The reply should hold every record, copied exactly, and none of the pictures.

++++ Supplied data

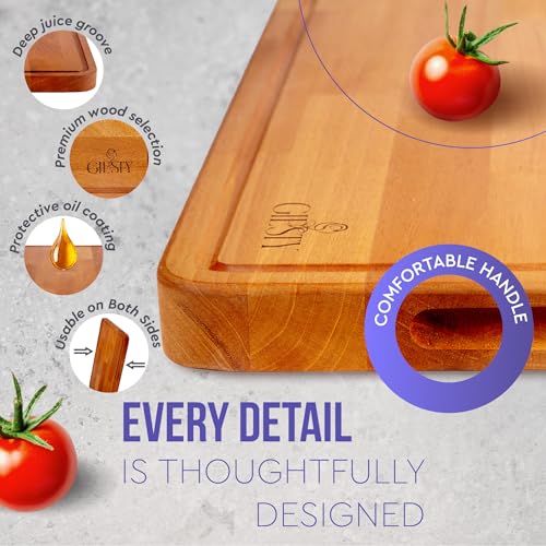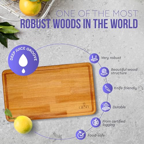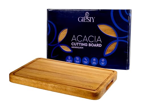 Giesty - Chopping Board for the Kitchen, Reversible Wooden Chopping Board with Juice Grooves and Handles, Acacia or RedWood, Wood Chopping Block (Acacia Wood, 45 x 30 x 3.5 cm)
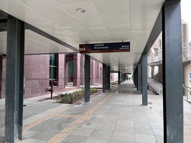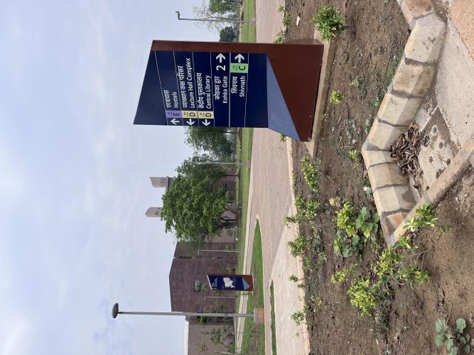 The campus is planned in zones and the wayfinding strategy assigned them alphabetical identity and Colour. The sign types responded to the type of movement and visual information created a simple, recognizable and legible messaging graphics. The buildings are named taking inspiration from the scientific achievers from India's history.
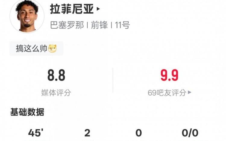拉菲尼亚本场比赛数据:2射正2进球1过人成功,评分8.8
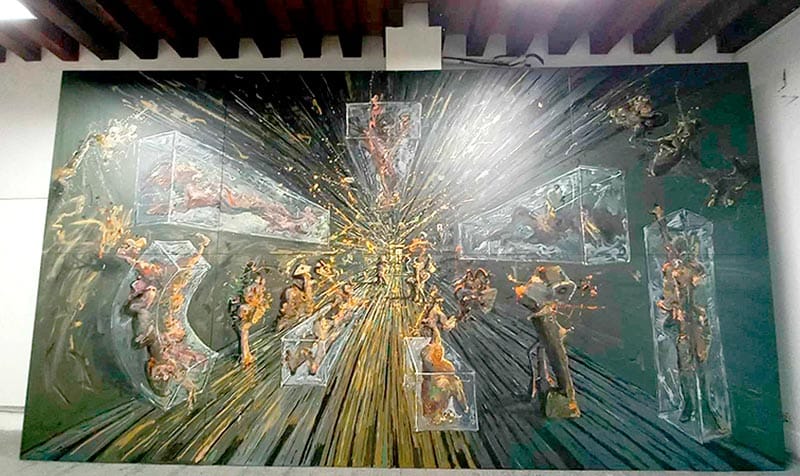 Entrevistado por NOTIVER, Jazzamoart explica que la muestra con más de 30 piezas realizadas entre 2018 y hasta nuestros días, ha sido itinerante, “Tiene la primicia de que por primera vez se exhibe la pintura de gran formato que presento, mide 4 x 8 metros, además es la culminación de la gira de la obra que se ha exhibido en Guanajuato, Oaxaca y ahora Veracruz”.
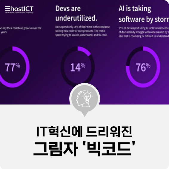 응답자 중 72%는 빅코드와 생산AI가 만들어내는 대규모 소스코드로 인해 기술 부채 등이 기업의 혁신과 발전에 실제 위협을 가할 수 있을 것이라고 답했다.

++++++++

▸ **Output of the exercise**:
 Giesty - Chopping Board for the Kitchen, Reversible Wooden Chopping Board with Juice Grooves and Handles, Acacia or RedWood, Wood Chopping Block (Acacia Wood, 45 x 30 x 3.5 cm)
 The campus is planned in zones and the wayfinding strategy assigned them alphabetical identity and Colour. The sign types responded to the type of movement and visual information created a simple, recognizable and legible messaging graphics. The buildings are named taking inspiration from the scientific achievers from India's history.
拉菲尼亚本场比赛数据:2射正2进球1过人成功,评分8.8
 Entrevistado por NOTIVER, Jazzamoart explica que la muestra con más de 30 piezas realizadas entre 2018 y hasta nuestros días, ha sido itinerante, “Tiene la primicia de que por primera vez se exhibe la pintura de gran formato que presento, mide 4 x 8 metros, además es la culminación de la gira de la obra que se ha exhibido en Guanajuato, Oaxaca y ahora Veracruz”.
 응답자 중 72%는 빅코드와 생산AI가 만들어내는 대규모 소스코드로 인해 기술 부채 등이 기업의 혁신과 발전에 실제 위협을 가할 수 있을 것이라고 답했다.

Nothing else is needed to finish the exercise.